____ AVAILABLE RECORDS

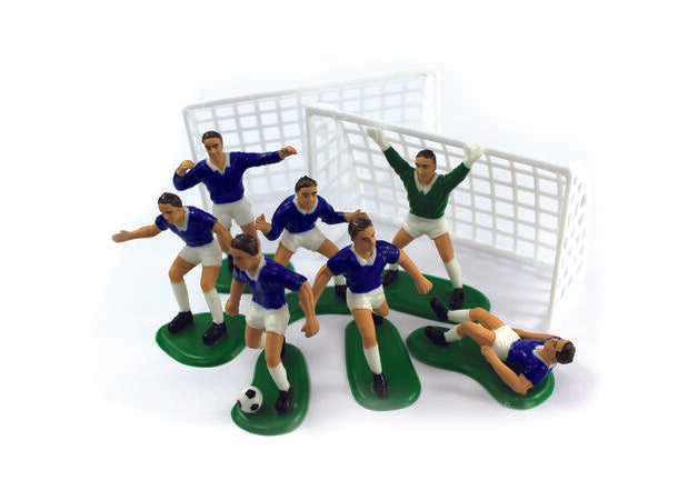 Kakedekorasjonssett fotball med 7spillere og 2 mål - Blå
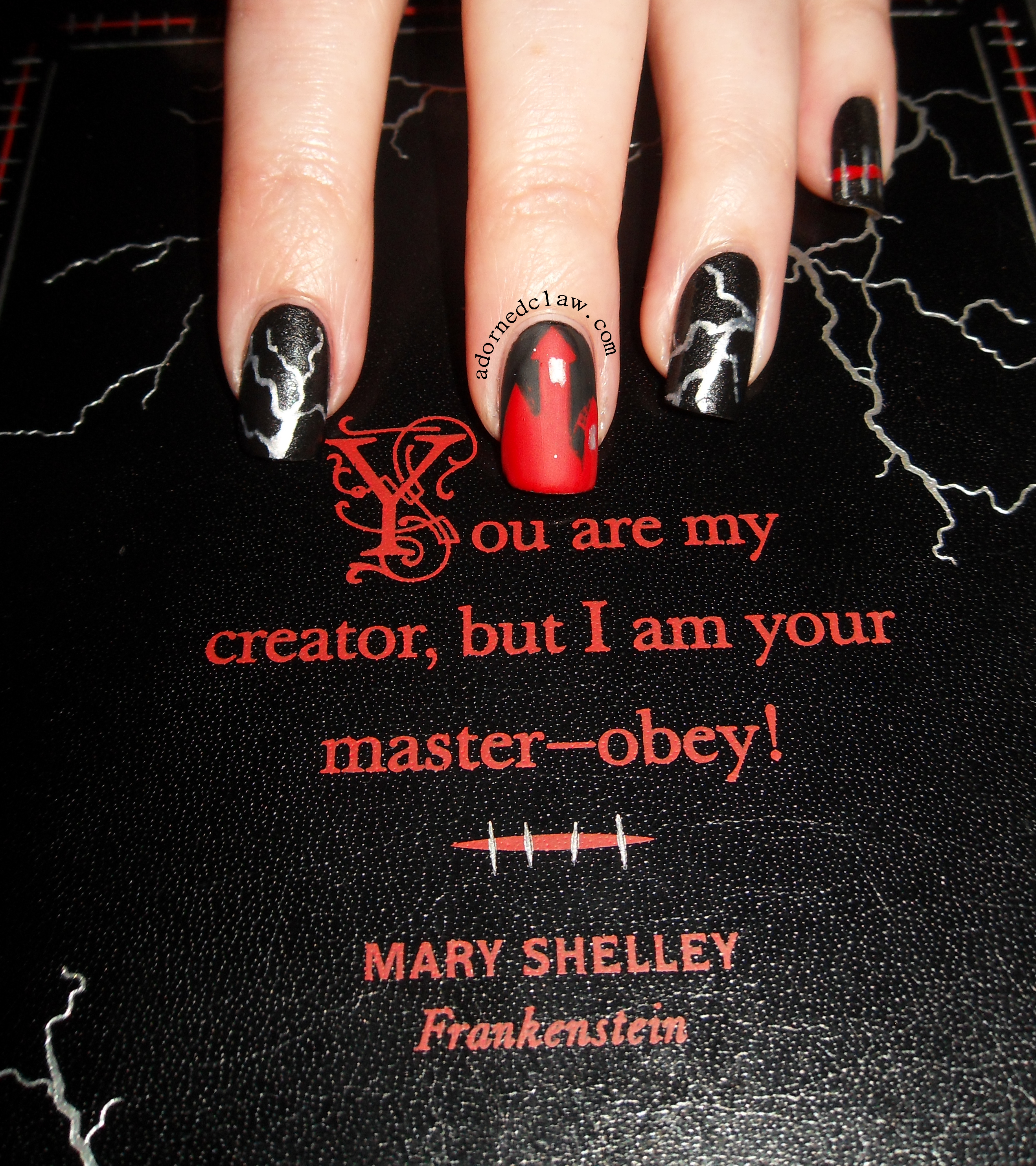 For the lightning and the stitches I used the silver nail art pen, I didn’t add any topcoat so I wouldn’t cover the texture of the leather polish.
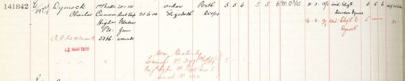 The "Soldier's Effects" record shows that his widow Elizabeth Davidson Dymock received his Outstanding Pay of £5/5/6 and a War Gratuity of £5/-/-.
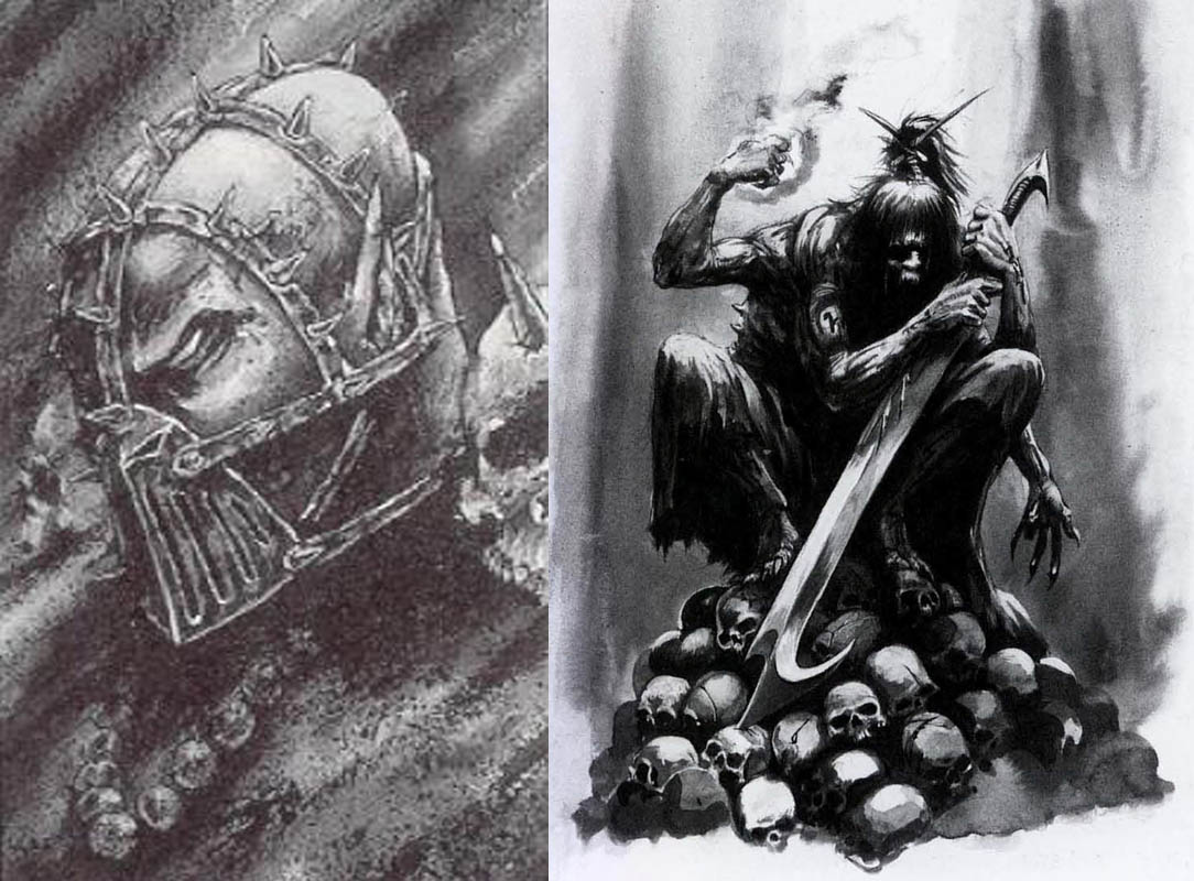 For eight millennia, Kheradruakh killed seemingly at random, occasionally joining a realspace raid unexpectedly or working as an assassin for a steep price in souls. He would hunt his prey for decades across a dozen worlds if necessary, lying in wait for weeks to await the perfect moment to strike. He took the heads to his lair where he stripped them to the bone, smashing those that did not meet his requirements, but adding the few that did to one of the thousand niches in the hemispherical walls. Each skull, still containing an echo of the soul, stared at the same point above the central dais. During the Long Midnight in 891.M41, he claimed an unprecedented seven worthy skulls in only six cycles.
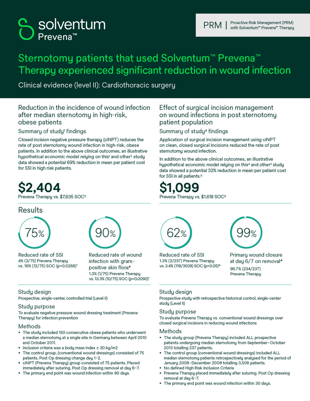 A peer-reviewed meta-analysis of 6 studies for cardiac surgical procedures demonstrated Solventum™ Prevena™ Therapy helped significantly reduce the risk of surgical site infections (SSIs) compared to standard-of-care dressings.¹

________

● WHAT TO PRODUCE
With the pictures removed, please retype each record exactly.

● RESULT FOR THIS TASK
 Kakedekorasjonssett fotball med 7spillere og 2 mål - Blå
 For the lightning and the stitches I used the silver nail art pen, I didn’t add any topcoat so I wouldn’t cover the texture of the leather polish.
 The "Soldier's Effects" record shows that his widow Elizabeth Davidson Dymock received his Outstanding Pay of £5/5/6 and a War Gratuity of £5/-/-.
 For eight millennia, Kheradruakh killed seemingly at random, occasionally joining a realspace raid unexpectedly or working as an assassin for a steep price in souls. He would hunt his prey for decades across a dozen worlds if necessary, lying in wait for weeks to await the perfect moment to strike. He took the heads to his lair where he stripped them to the bone, smashing those that did not meet his requirements, but adding the few that did to one of the thousand niches in the hemispherical walls. Each skull, still containing an echo of the soul, stared at the same point above the central dais. During the Long Midnight in 891.M41, he claimed an unprecedented seven worthy skulls in only six cycles.
 A peer-reviewed meta-analysis of 6 studies for cardiac surgical procedures demonstrated Solventum™ Prevena™ Therapy helped significantly reduce the risk of surgical site infections (SSIs) compared to standard-of-care dressings.¹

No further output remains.